Troy Camplin writes:

That's because the anti-fascists have historically been those on the Left, whose ideology is, in fact, fascistic.

Brian Whippo writes:

Dr. Dwight Lee was the guest speaker I decided to right this article about. Dr. Lee went over an extensive outlook on Milton Freedman and his political contributions over the years. He talked about how Freedman fixed the Keynesian idea and the Keynesian model works in today’s government. According to Dr. Lee, Milton Freedman was a genius when it came to politics and political events. Also, that Freedman was a freedom fighter, who believed in protecting American citizen rights. He believed that Americans should have the right to do whatever they want in the privacy of their own home and that the government should not harass them. He believed America should be allowed to trade with whoever they want to trade with. Milton Freedman was also a mathematical genius who helped design when bombs should go off.
The economic idea I took from the speaker is that the Keynesian model does work, just not in every scenario. Dr. Lee said himself, “ Milton Freedman soon came to realize that his model was not perfect.”
I thought Dr. Lee was a good speaker. I think its cool that he is passionate about what he believes in. The only problem is it is hard to understand everything he was talking about from a student stand point.
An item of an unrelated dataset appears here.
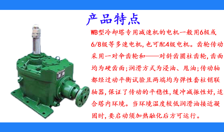 WB型冷卻塔專用減速機的電機一般用6極或/8級等多速電機,也可配4極電機。

The fact that we are learning about these things and he is going into very specific detail about each event made it a little hard to understand. I did like the fact that he did have a sense of humor and tried to crack jokes where he could. What I got out of the speech was that running a country and figuring out how to help and make everybody happy is impossible. These two ideas cannot coexist because no matter how much the system is tweaked, it is never good enough for everybody. My question is it is easy to criticize one idea but how does someone go about fixing these problems?